- What to do
Can you copy out the data exactly? Leave the images out.

- Supplied records
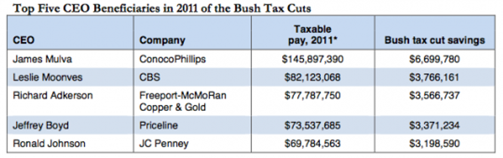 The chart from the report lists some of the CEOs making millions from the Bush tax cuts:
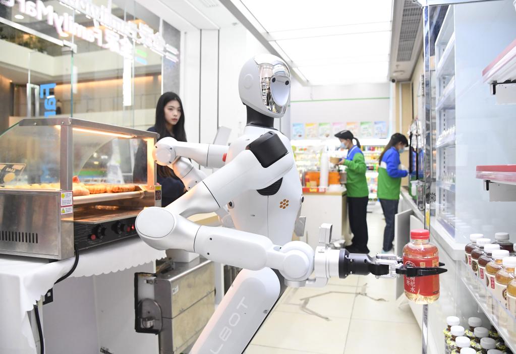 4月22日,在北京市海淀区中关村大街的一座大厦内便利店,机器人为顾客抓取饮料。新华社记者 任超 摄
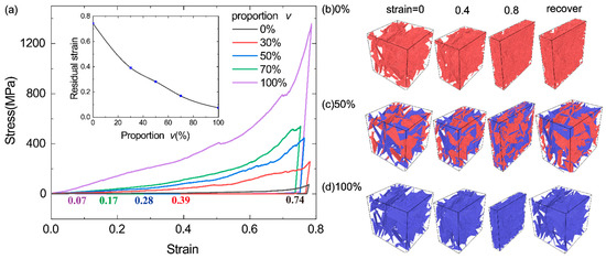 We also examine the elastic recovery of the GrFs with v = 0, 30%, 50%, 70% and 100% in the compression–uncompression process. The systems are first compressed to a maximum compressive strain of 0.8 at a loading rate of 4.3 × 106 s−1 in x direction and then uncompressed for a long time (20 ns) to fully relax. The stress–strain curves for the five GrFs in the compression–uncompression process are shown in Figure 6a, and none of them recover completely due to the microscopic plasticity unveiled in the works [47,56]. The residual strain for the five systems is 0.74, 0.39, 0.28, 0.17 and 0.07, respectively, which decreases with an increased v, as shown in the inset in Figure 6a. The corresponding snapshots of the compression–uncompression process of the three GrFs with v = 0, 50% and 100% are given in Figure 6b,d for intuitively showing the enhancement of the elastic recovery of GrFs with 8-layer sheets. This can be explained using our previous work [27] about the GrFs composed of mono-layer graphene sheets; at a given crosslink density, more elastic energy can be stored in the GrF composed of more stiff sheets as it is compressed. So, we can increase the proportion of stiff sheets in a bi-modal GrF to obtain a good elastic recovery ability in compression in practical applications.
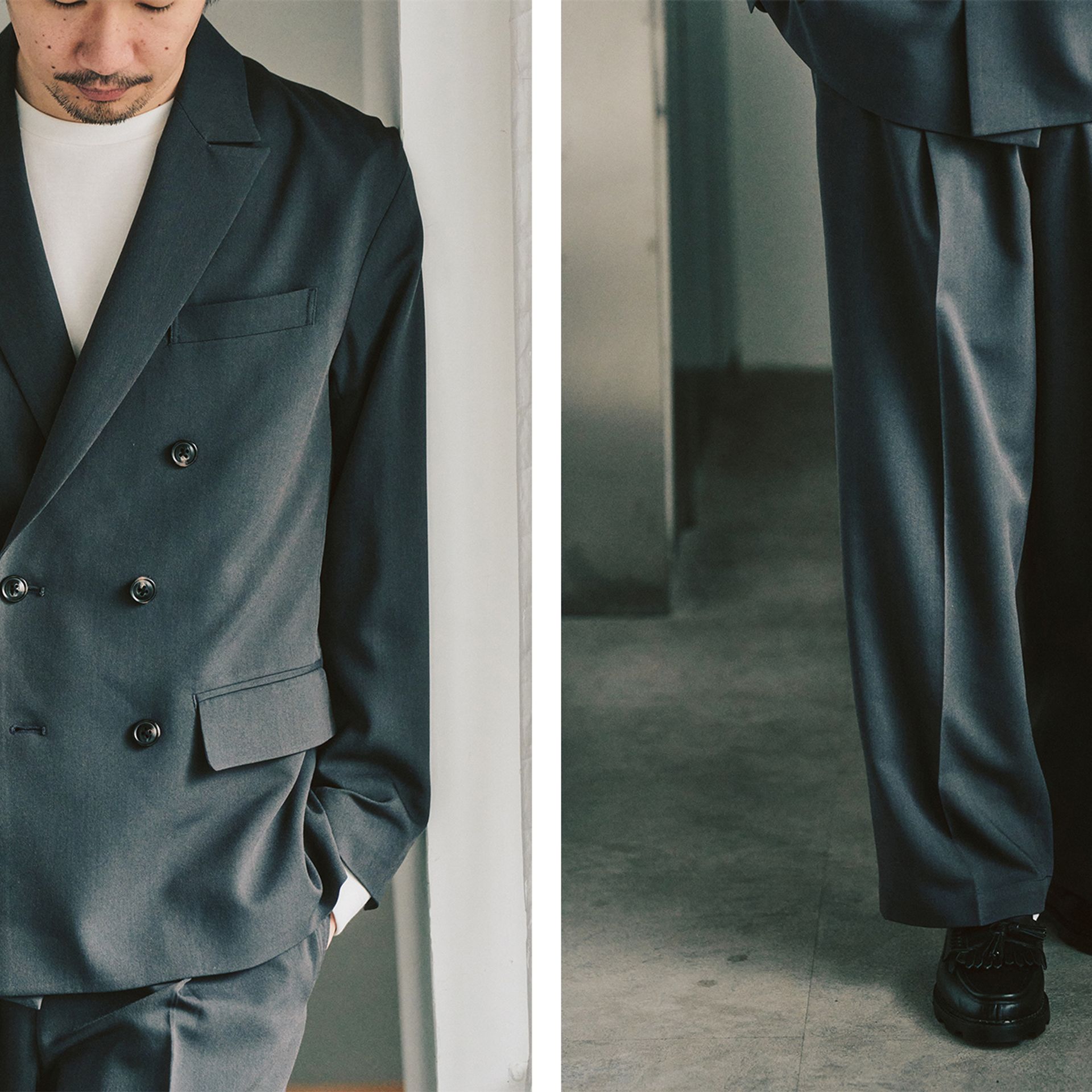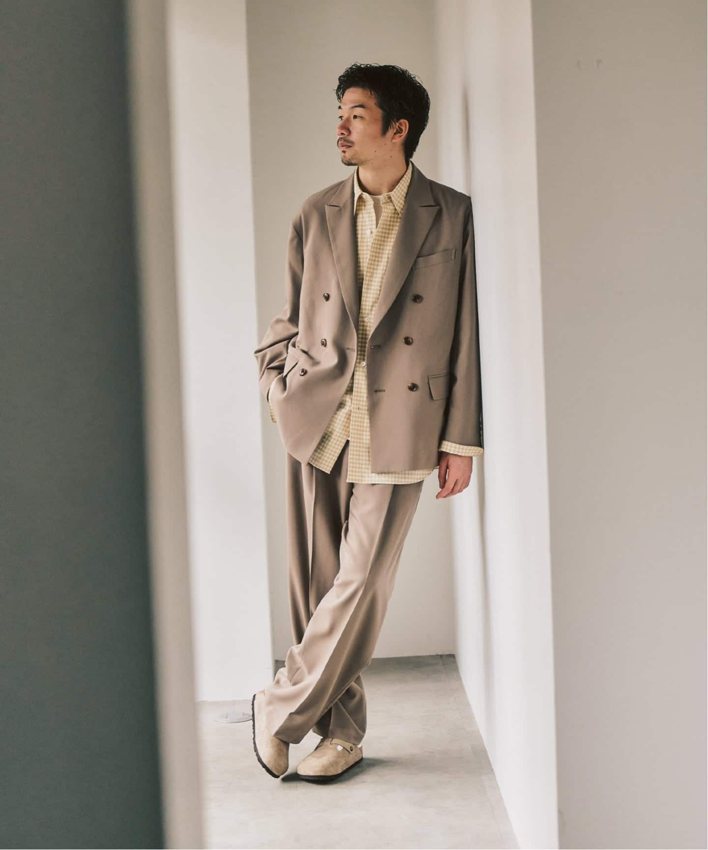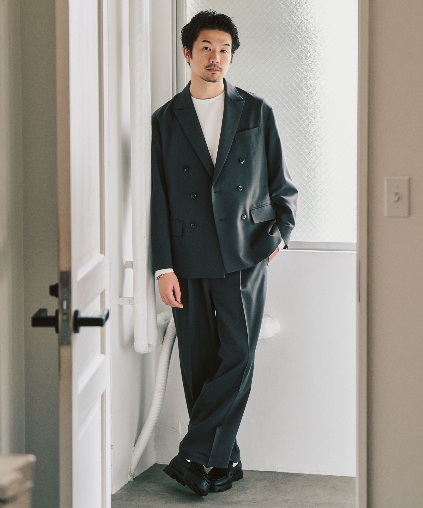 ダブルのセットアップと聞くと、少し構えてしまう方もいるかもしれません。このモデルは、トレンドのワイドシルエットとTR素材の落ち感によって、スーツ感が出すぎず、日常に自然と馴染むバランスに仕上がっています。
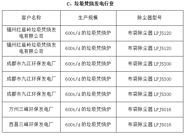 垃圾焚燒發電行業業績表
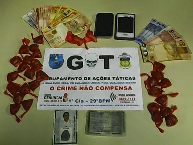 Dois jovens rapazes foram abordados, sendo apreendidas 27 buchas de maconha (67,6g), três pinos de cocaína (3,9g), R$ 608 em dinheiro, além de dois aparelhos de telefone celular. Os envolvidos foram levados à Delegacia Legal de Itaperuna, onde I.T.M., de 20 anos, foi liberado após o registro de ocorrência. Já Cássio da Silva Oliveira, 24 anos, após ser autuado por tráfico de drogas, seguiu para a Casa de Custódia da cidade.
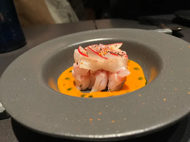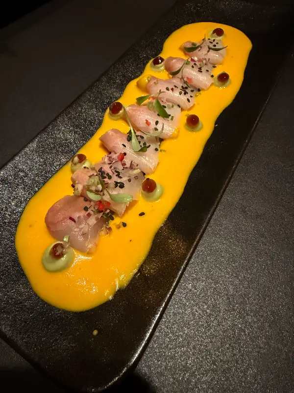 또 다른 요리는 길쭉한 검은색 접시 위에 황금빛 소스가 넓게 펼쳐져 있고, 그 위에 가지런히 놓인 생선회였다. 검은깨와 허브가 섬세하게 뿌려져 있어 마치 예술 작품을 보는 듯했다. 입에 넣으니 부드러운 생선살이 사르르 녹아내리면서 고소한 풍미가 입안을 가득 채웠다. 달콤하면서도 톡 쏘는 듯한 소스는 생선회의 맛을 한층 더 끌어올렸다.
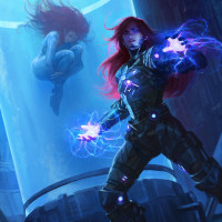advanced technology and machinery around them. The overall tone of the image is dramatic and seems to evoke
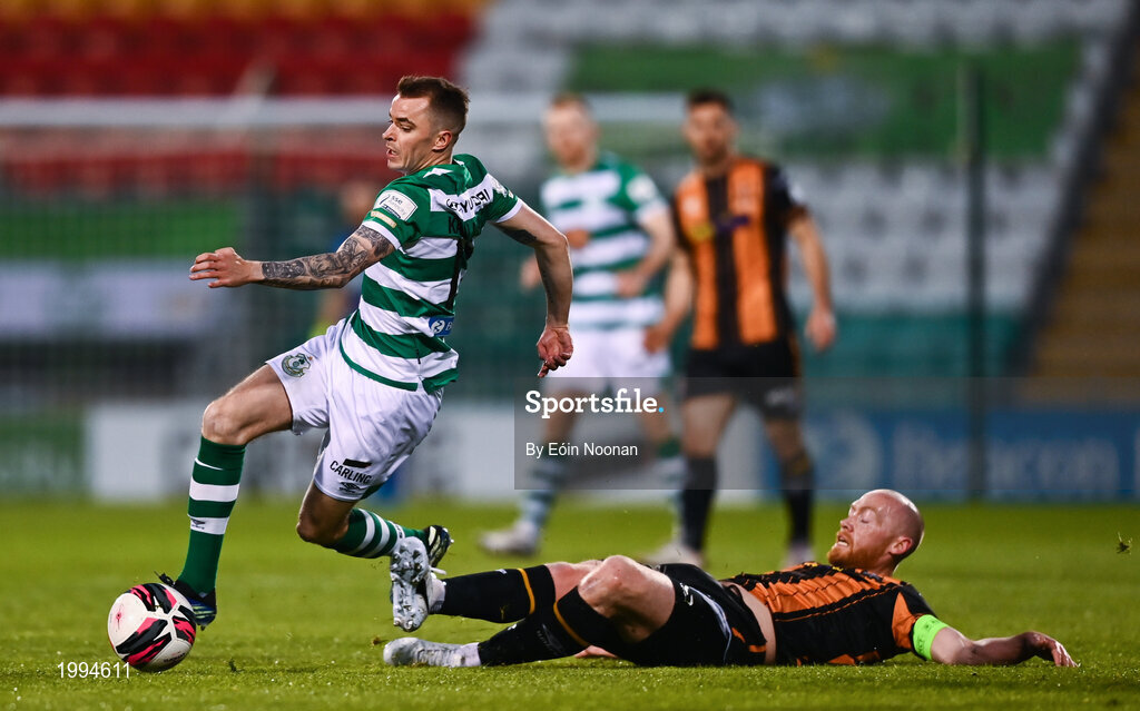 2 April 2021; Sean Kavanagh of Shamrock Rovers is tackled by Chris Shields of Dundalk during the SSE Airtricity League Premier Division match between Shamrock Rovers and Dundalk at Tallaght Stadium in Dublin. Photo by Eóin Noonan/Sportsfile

- Result of this task
 The chart from the report lists some of the CEOs making millions from the Bush tax cuts:
 4月22日,在北京市海淀区中关村大街的一座大厦内便利店,机器人为顾客抓取饮料。新华社记者 任超 摄
 We also examine the elastic recovery of the GrFs with v = 0, 30%, 50%, 70% and 100% in the compression–uncompression process. The systems are first compressed to a maximum compressive strain of 0.8 at a loading rate of 4.3 × 106 s−1 in x direction and then uncompressed for a long time (20 ns) to fully relax. The stress–strain curves for the five GrFs in the compression–uncompression process are shown in Figure 6a, and none of them recover completely due to the microscopic plasticity unveiled in the works [47,56]. The residual strain for the five systems is 0.74, 0.39, 0.28, 0.17 and 0.07, respectively, which decreases with an increased v, as shown in the inset in Figure 6a. The corresponding snapshots of the compression–uncompression process of the three GrFs with v = 0, 50% and 100% are given in Figure 6b,d for intuitively showing the enhancement of the elastic recovery of GrFs with 8-layer sheets. This can be explained using our previous work [27] about the GrFs composed of mono-layer graphene sheets; at a given crosslink density, more elastic energy can be stored in the GrF composed of more stiff sheets as it is compressed. So, we can increase the proportion of stiff sheets in a bi-modal GrF to obtain a good elastic recovery ability in compression in practical applications.
 ダブルのセットアップと聞くと、少し構えてしまう方もいるかもしれません。このモデルは、トレンドのワイドシルエットとTR素材の落ち感によって、スーツ感が出すぎず、日常に自然と馴染むバランスに仕上がっています。
 垃圾焚燒發電行業業績表
 Dois jovens rapazes foram abordados, sendo apreendidas 27 buchas de maconha (67,6g), três pinos de cocaína (3,9g), R$ 608 em dinheiro, além de dois aparelhos de telefone celular. Os envolvidos foram levados à Delegacia Legal de Itaperuna, onde I.T.M., de 20 anos, foi liberado após o registro de ocorrência. Já Cássio da Silva Oliveira, 24 anos, após ser autuado por tráfico de drogas, seguiu para a Casa de Custódia da cidade.
 또 다른 요리는 길쭉한 검은색 접시 위에 황금빛 소스가 넓게 펼쳐져 있고, 그 위에 가지런히 놓인 생선회였다. 검은깨와 허브가 섬세하게 뿌려져 있어 마치 예술 작품을 보는 듯했다. 입에 넣으니 부드러운 생선살이 사르르 녹아내리면서 고소한 풍미가 입안을 가득 채웠다. 달콤하면서도 톡 쏘는 듯한 소스는 생선회의 맛을 한층 더 끌어올렸다.
advanced technology and machinery around them. The overall tone of the image is dramatic and seems to evoke
 2 April 2021; Sean Kavanagh of Shamrock Rovers is tackled by Chris Shields of Dundalk during the SSE Airtricity League Premier Division match between Shamrock Rovers and Dundalk at Tallaght Stadium in Dublin. Photo by Eóin Noonan/Sportsfile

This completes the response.